何が起きている?俺の腕を掴み無理やり動かしているのは何だ?現実味のないぼやけた手のような形に変わった泥のようなそれが、万力のように恐ろしい力で俺の体を無理やり動かしているように見えた。現実にこんなものがある訳がない。だからこれも俺の見間違いか何かのはずだ。なのに、俺の体はなぜ動かない?

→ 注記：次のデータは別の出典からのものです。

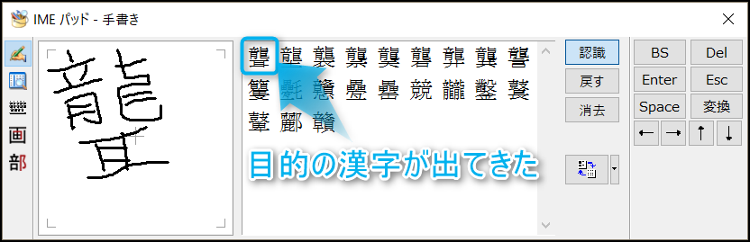 下手だけどなんとか頑張って書いてみた。そしたら右側に目的の漢字が出てきたね。こんなに下手でもしっかり読み取ってくれるらしい。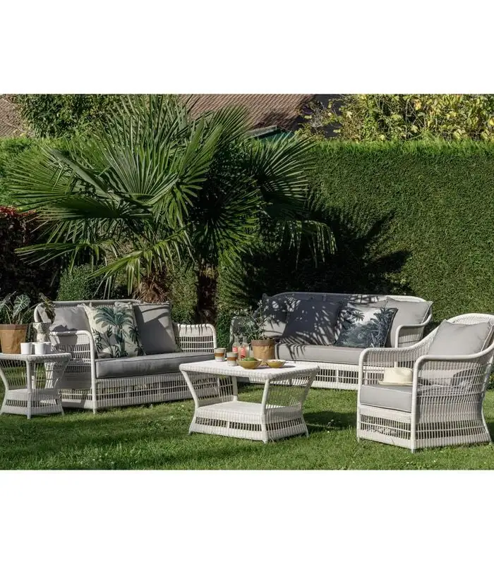De Biarritz rotan buitentafel is gebaseerd op de stijl van het meubilair dat men aantrof op de terrassen van koloniale huizen. Het is ongelooflijk dicht bij wit, vandaar de naam: “”synthetische rotan””. Hierdoor is de tafel zeer licht, optisch zeer luchtig en weerbestendig. Totale afmetingen: hoogte 47 x breedte 77 x diepte 51. Gepoedercoat aluminium frame, HDPE Kunstvezelvlechtwerk. Gemaakt in Indonesië .Onderhoud, niets is eenvoudiger: de structuren van tijd tot tijd en aan het begin van het seizoen een beetje afstoffen met een sopje of een lichte Karcher.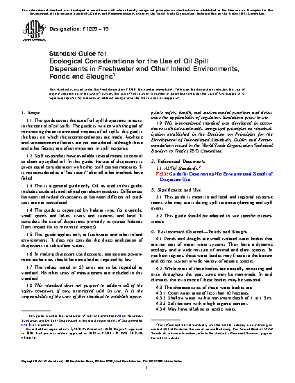 1.3 This is a general guide only. It assumes the oil to be dispersible and the dispersant to be effective, available, applied correctly, and in compliance with relevant government regulations. In the assessment of environmental sensitivity, it is assumed that the dispersant is nonpersistent in the natural environment. Oil, as used in this guide, includes crude oils and refined petroleum products. Differences between individual dispersants or between different oil products are not considered.

ふらついた体が操られるようにぐるんと動き、右手の雪片弐型を手放して量子化すると同時に左手に雪片参型を握る。展開速度は不自然なほど速く、その切っ先はこちらに向かう箒の”心臓に”ぴったりと向けられていた。同時にハイパーセンサーにIS本体からの情報が表示された。
≪警告 零落白夜の対人安全確保プログラムが不十分です 今すぐ設定し直してください≫
対人安全確保プログラムとは、確か零落白夜が相手ISの操縦者を傷つけないように組み込まれたプログラムだ。これがあるから雪片弐型も参型も公式の試合で零落白夜を振るうことが出来る。その警告が何を意味するか一夏は一瞬分からなかったが、ふと休暇中にクラースの言っていた言葉を思い出す。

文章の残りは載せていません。